Thank you, and enjoy your stay.


----------



## HertzHound (Jan 22, 2019)

frq3efeq said:


> I usually ream the hole big enough for the connector. If the mounting holes of the box are too close to that hole, I will drill new holes further out in the corners of the box.
> 
> I never use those holes you have to hammer out of a metal FS box, I always drill my own.
> 
> Another option is to switch to cable between the boxes, that works sometimes.



Is it true that people with no avatar have no soul? :vs_peace::vs_shake:


----------



## HertzHound (Jan 22, 2019)

travis theory said:


> I have had trouble with this for years. I work for others, so I am not buying the material. So here is the issue. Lets say Im running pipe outside along a brick exterior.
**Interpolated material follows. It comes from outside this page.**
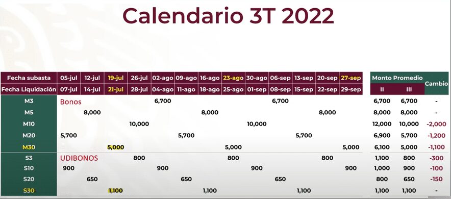 Te voy a mostrar el calendario del tercer trimestre de 2022, tanto para los BONOS como para los UDIBONOS.
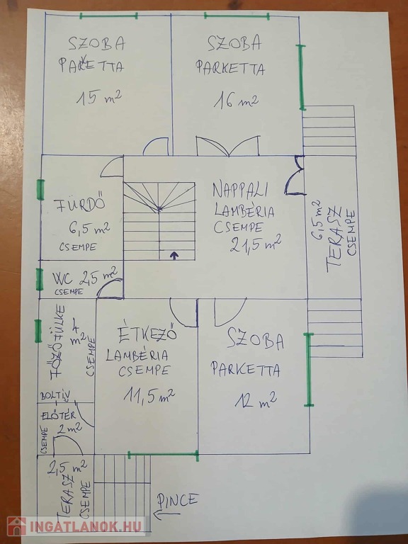 Földszint: (100m2) 3 külön nyíló szoba (parkettás), tágas nappali, konyha + főzőfülke, fürdőszoba (150 literes bojlerrel), külön WC, előtér, pincelejáró. Egyik szobában WiFi-s klíma is található.

Well now I set a box, and want to have a pipe go out the back to the interior, which also is brick. Lets say its 8 inches.
> I am using a 3/4 pipe. A weatherproof box outside and a "4 square" or "1900" or whatever you call them in your area, inside. Surface mounted. Both boxes are surface mounted.
> 
> the problem is the connector. the hole I drill is big enough for the pipe, but not the connector. If I ream out the hole big enough for a compression connector, then the problem becomes trying to catch holes to set anchors to secure the boxes. they make the holes close to the center all the time. So I end up with a loose box, or a box sitting away from the wall.
> ...



I was taught that the difference between a Craftsman and a Craftsboy, was that a Craftsman knows how to hide his mistakes.

Not that yours was a mistake, but you know what I mean. 

The other is that when you can't hide it, accentuate it. Make it really stand out so that nobody knows what they are looking at. 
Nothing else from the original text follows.